The MAE indicates that, on average, the predicted votes differ from the actual votes by about 2.008 votes. This relatively low average error demonstrates that the model’s predictions are quite close to the actual votes. The RMSE, being slightly higher than the MAE, further penalizes larger errors, but its value of 2.631 still reflects a reasonable level of accuracy, indicating that significant prediction errors are infrequent.
#Plotting predicted votes against actual votes
ggplot(vote_tally, aes(x = Predicted.Votes, y = Actual.Votes)) +
geom_point() +
geom_smooth(method = 'lm', col = 'red') +
ggtitle("Predicted vs Actual Votes") +
xlab("Predicted Votes") +
ylab("Actual Votes")
Furthermore, the correlation between the predicted and actual votes is approximately 0.928. This high correlation indicates a strong linear relationship, suggesting that the predictions are closely aligned with the actual outcomes.

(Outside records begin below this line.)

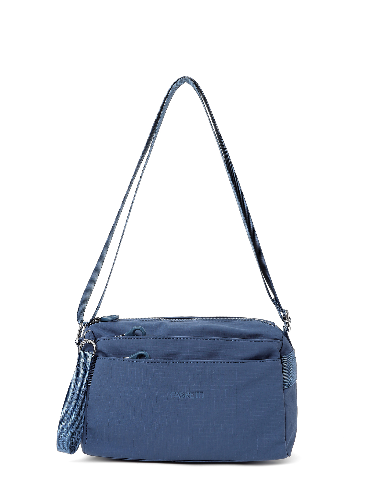 Небольшая вместительная текстильная женская сумка итальянского бренда FABRETTI отлично подходит для городского стиля и коротких поездок. Горизонтальная модель прямоугольной формы выполнена из легкой ткани с характерной фактурой в клетку в приглушенном светло-синем цвете.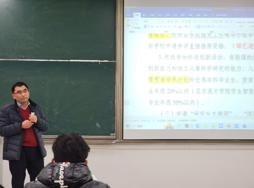 张院长向同学们介绍了我校有关推荐优秀应届本科毕业生免试攻读硕士学位研究生的相关政策,并就考研、海外留学、转专业等政策进行了详细解读。他鼓励同学们努力学习提升自己的能力,积极参加各类竞赛以及海外访学活动,充实自己的大学生活以及学业生涯。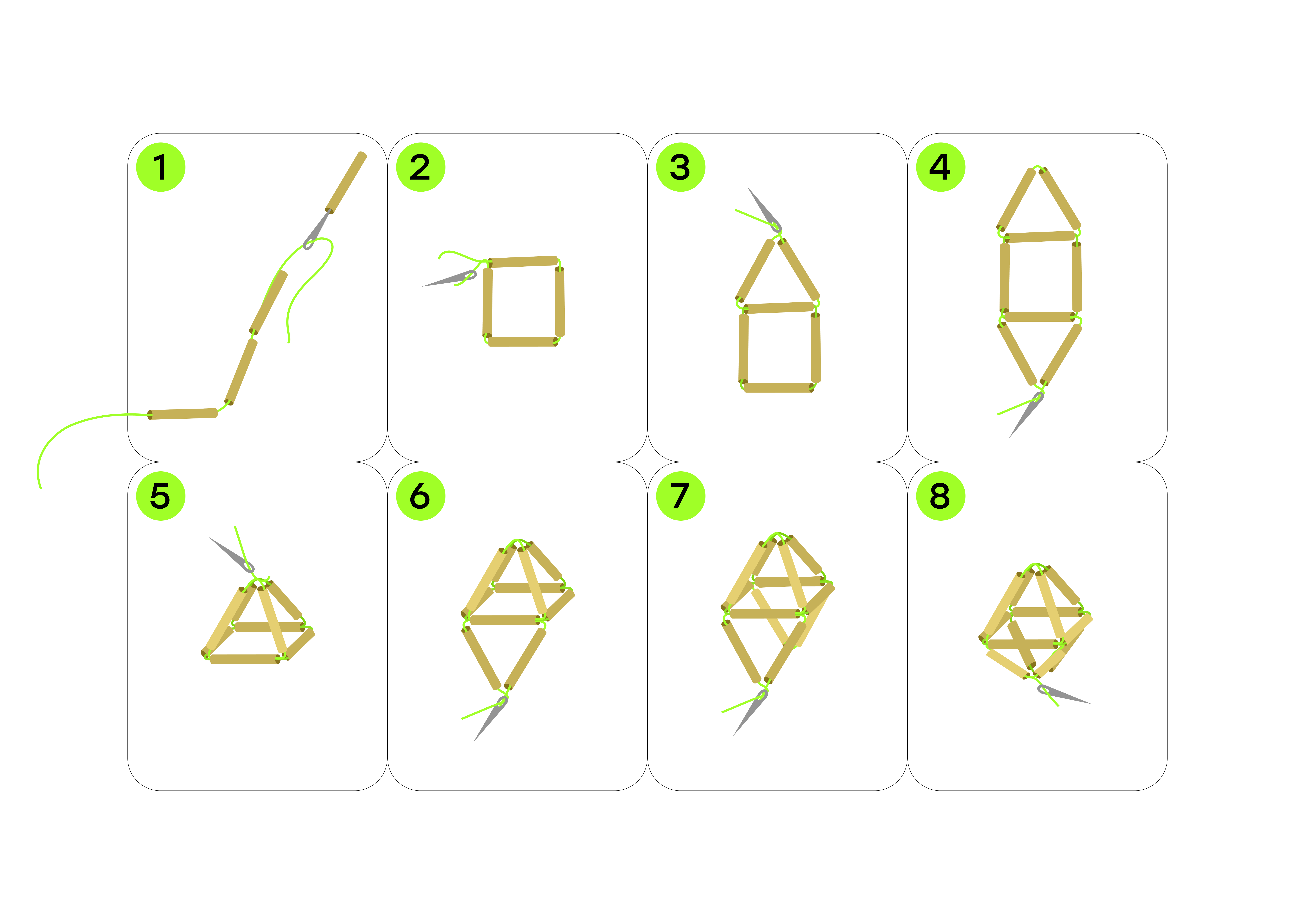 Для основи беруть чотири соломинки, нанизують їх на нитку за допомогою голки, формують квадрат і закріплюють вузлом. Далі поступово додають трикутники, утворюючи форму хати, а згодом — ромби. Кожну соломинку фіксують вузлами, щоб конструкція залишалася рівною й симетричною.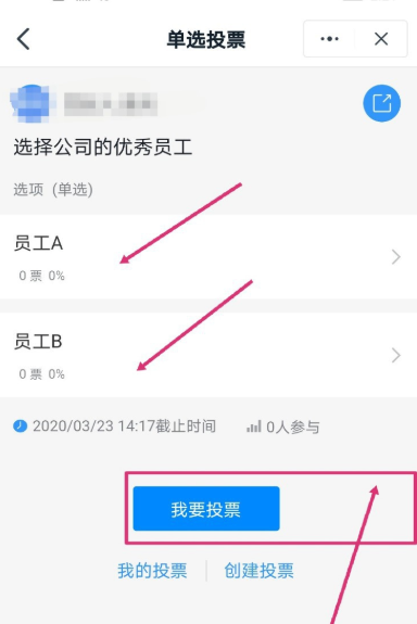 打开钉钉投票小程序,如图,点击【新建投票】,输入投票主题(例如选出公司优秀员工),设置相关选项,点击【创建投票】,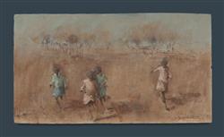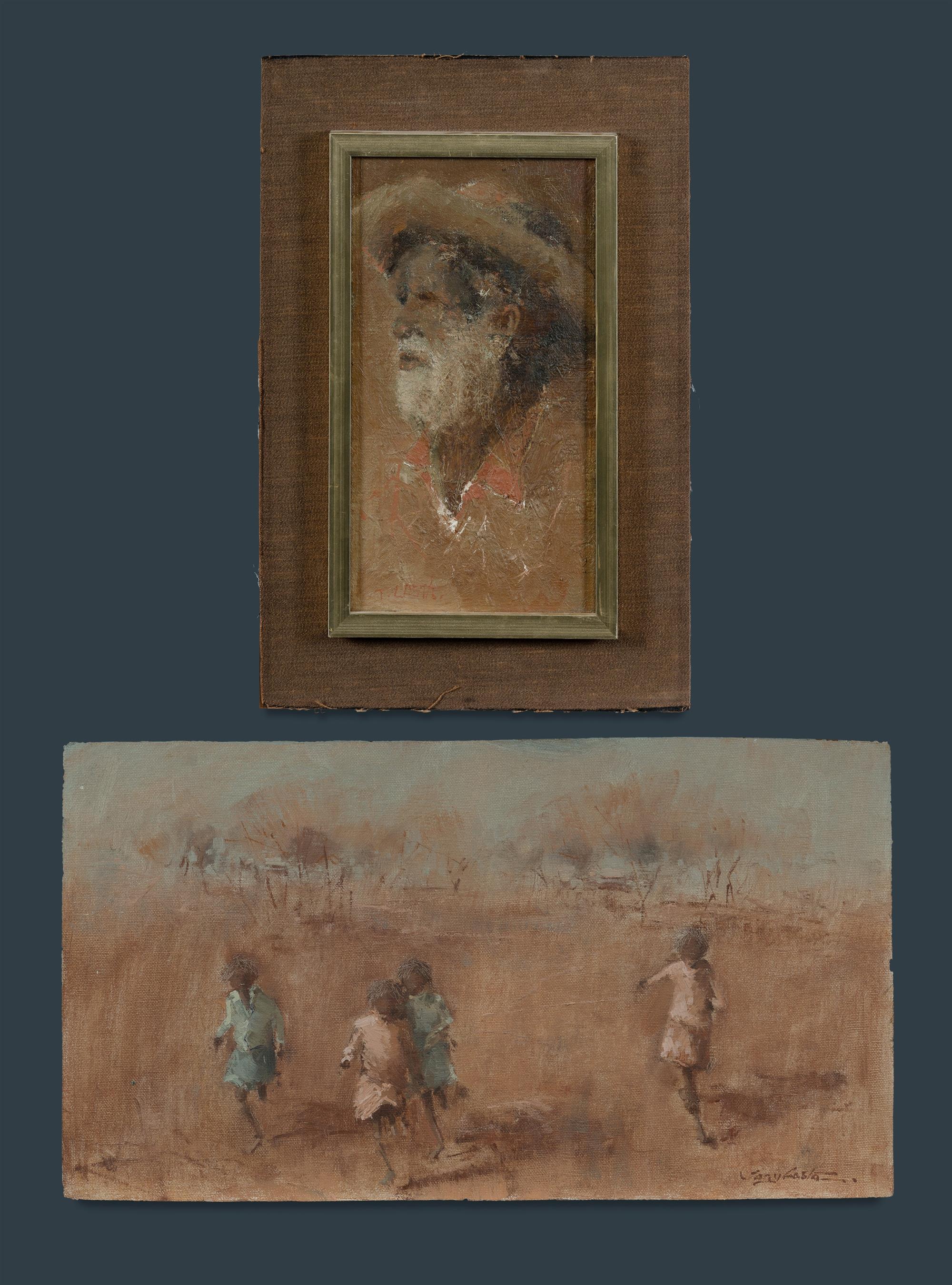 COSTA, Tony (b.1955) (2) Children Running (25x45.5cm); and Portrait of Man (24.5x14.5cm) Oil on Canvas on Board (2)Estimate $200-400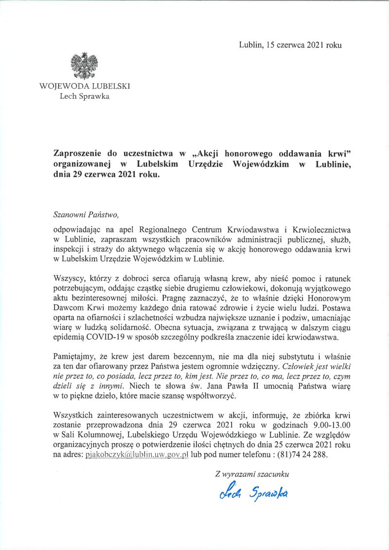 AKCJA HONOROWEGO ODDAWANIA KRWI W LUBELSKIM URZĘDZIE WOJEWÓDZKIM W LUBLINIE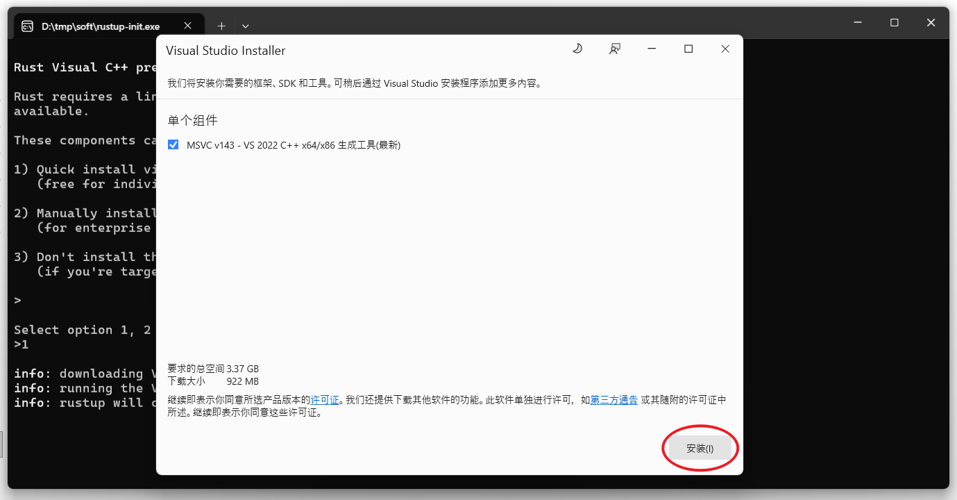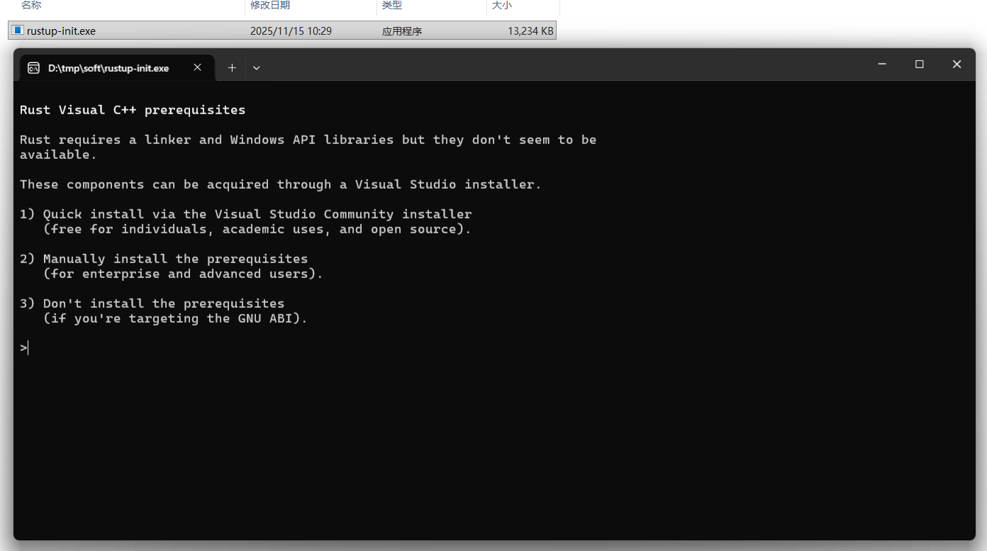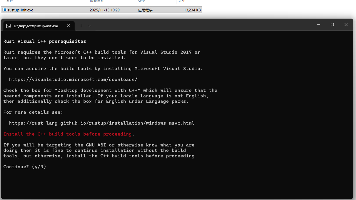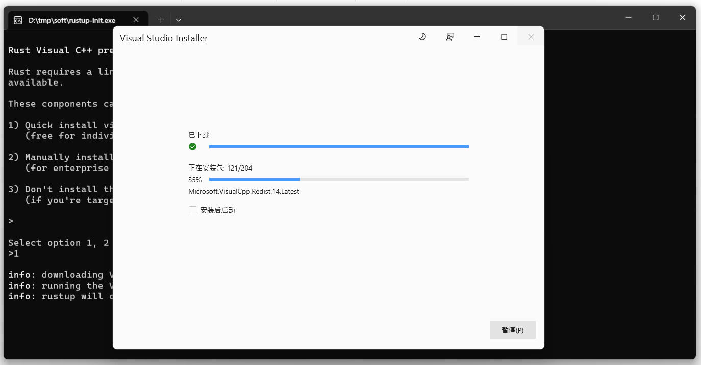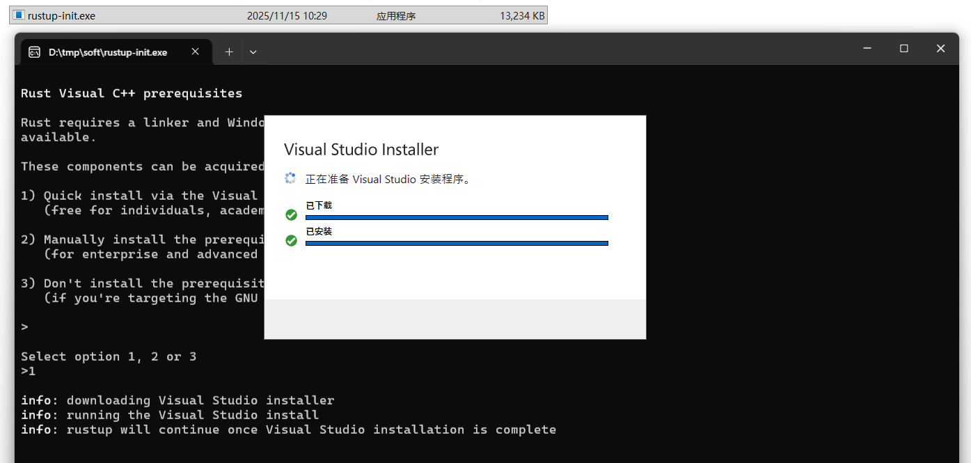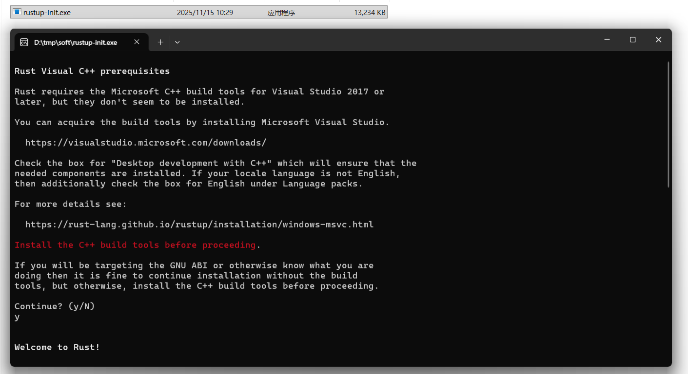 rust 需要 Visual C++ 的环境,如果电脑上没有,会先安装,笔者电脑上没有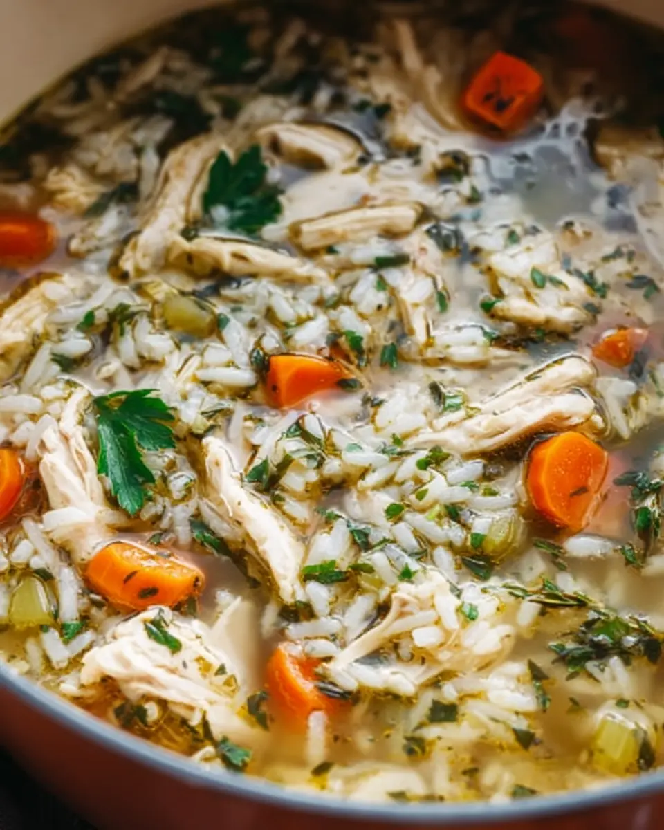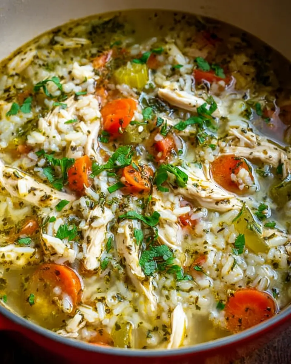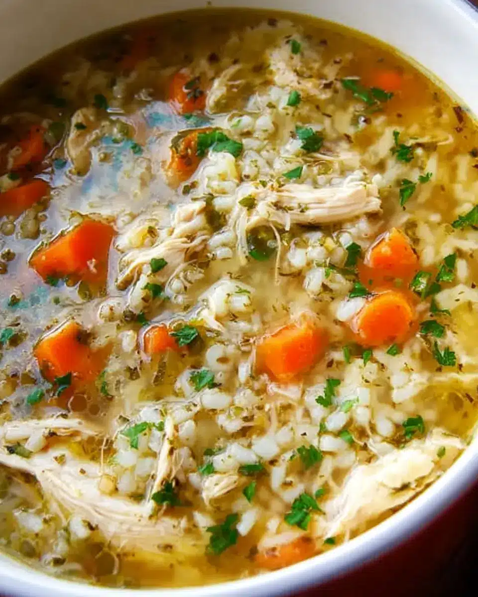 Make your Chicken and Rice Soup visually appealing by ladling it into deep, rustic bowls. Garnish with a sprinkle of fresh parsley or a drizzle of olive oil for a touch of elegance. For a fun twist, serve it in hollowed-out bread bowls — not only a dish, but a delightful edible vessel!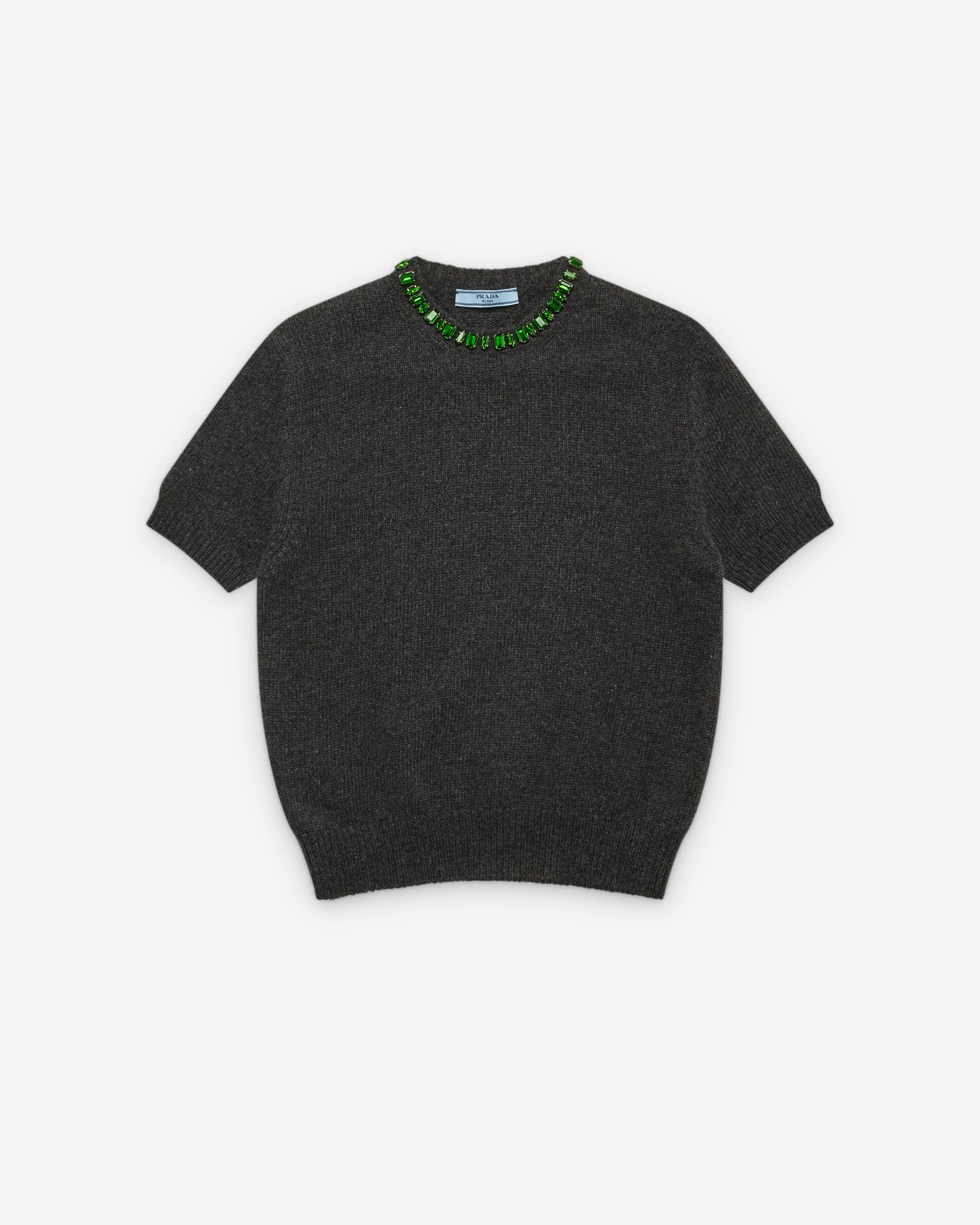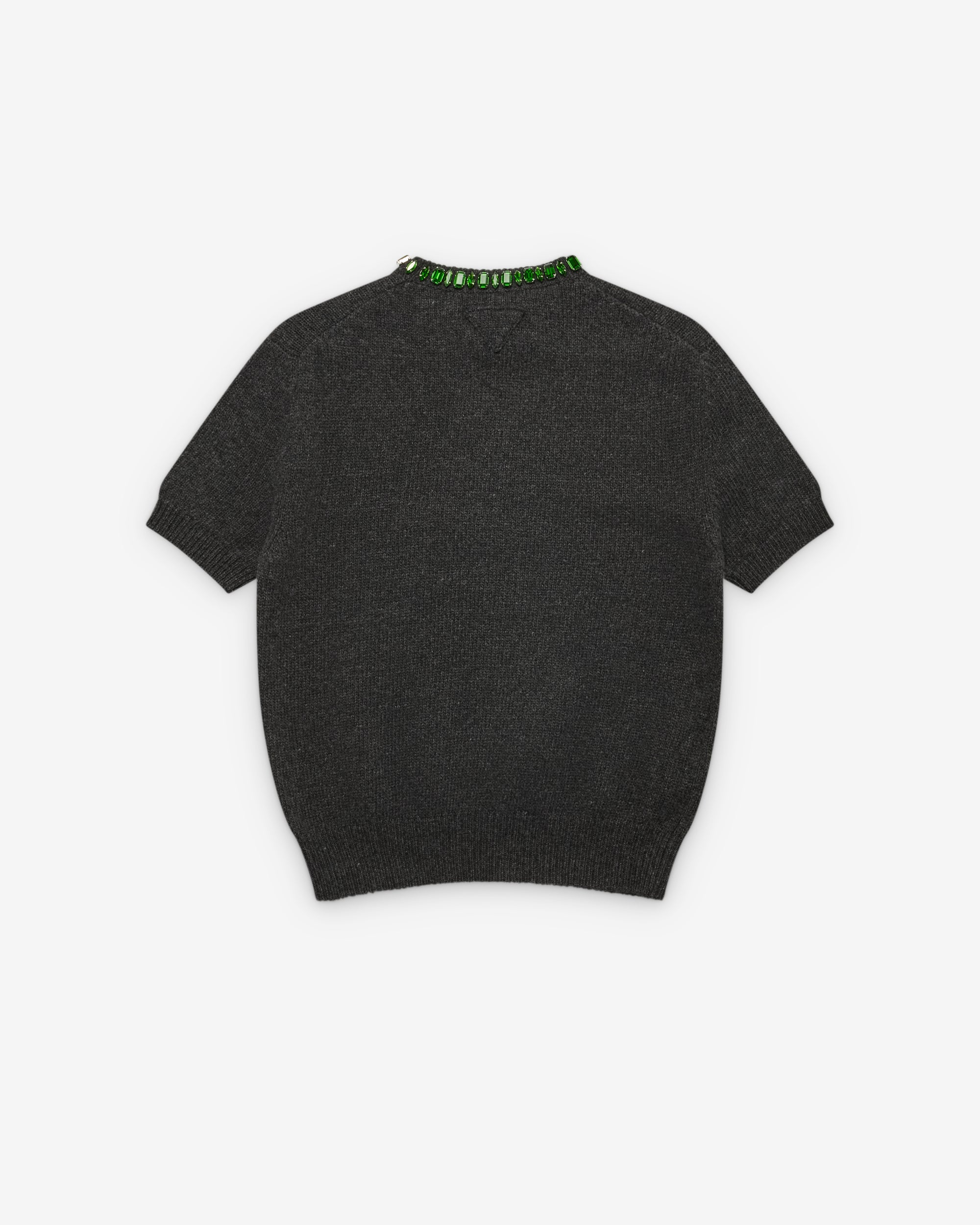 Short sleevesPlain knitMenswear fitRibbed knit neck with appliqued jewel embellishmentSemi-raglan shoulderRibbed knit sleeve trimTriangle logo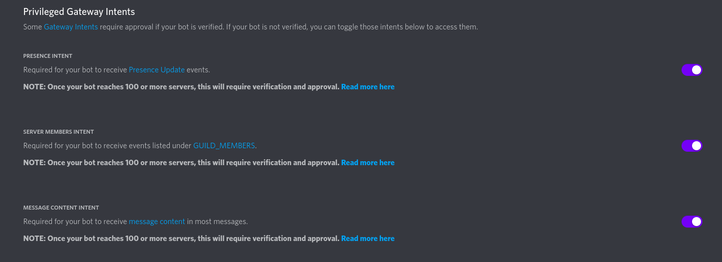 - Go to the bot tab and create a new bot. Also select all the privileged gateway intents for the bot.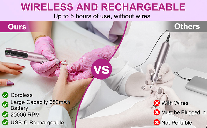 アクリルネイル用のネイルドリルは軽量設計(85g)で、ハンドバッグや洋服のポケットに収まります。USB充電ケーブルも付属しており、USBデバイスに簡単に差し込んで充電できるので、いつでもどこでもネイルケアを楽しめます。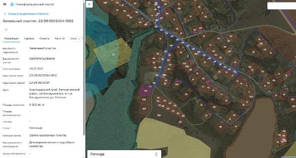 Название: Земельный участок площадью 5000 кв.м., кадастровый номер 23:39:0503004:1002, категория земель – земли населенных пунктов

This strong positive correlation signifies that as the predicted votes increase, the actual votes tend to increase as well, showing that the model is effectively capturing the voting patterns to a significant extent.
In conclusion, the development and evaluation of the ordinal logistic regression model for predicting Brownlow Medal votes showed its effectiveness in providing reliable predictions based on a solid dataset of player performances. By incorporating a range of offensive and defensive statistics, the model captures key aspects of player performance, allowing for a nuanced understanding of what contributes to Brownlow recognition. Key metrics like goals, effective kicks, and tackles are strong predictors of votes, highlighting the importance of both offensive and defensive contributions to a player’s overall impact on the game.
Furthermore, the model’s integration of Coaches’ votes further enhances its predictive power. This aspect demonstrates that players who are recognised by the coaches are more likely to receive votes. Additionally, variables regarding past recognition, such as previous Brownlow and Coaches’ votes, demonstrates that players who consistently perform well and are acknowledged for their efforts in the past are more likely to continue receiving votes.
The model’s predictive abilities, assessed through game-by-game analysis and overall season performance, indicate a strong foundation for future enhancements. By refining the model and incorporating real-time data, I can continue improving its accuracy and reliability in predicting Brownlow Medal votes.
Overall, this project highlights the complexity of assessing player performance in the AFL and demonstrates how statistical modelling can enhance our understanding of the game and its players.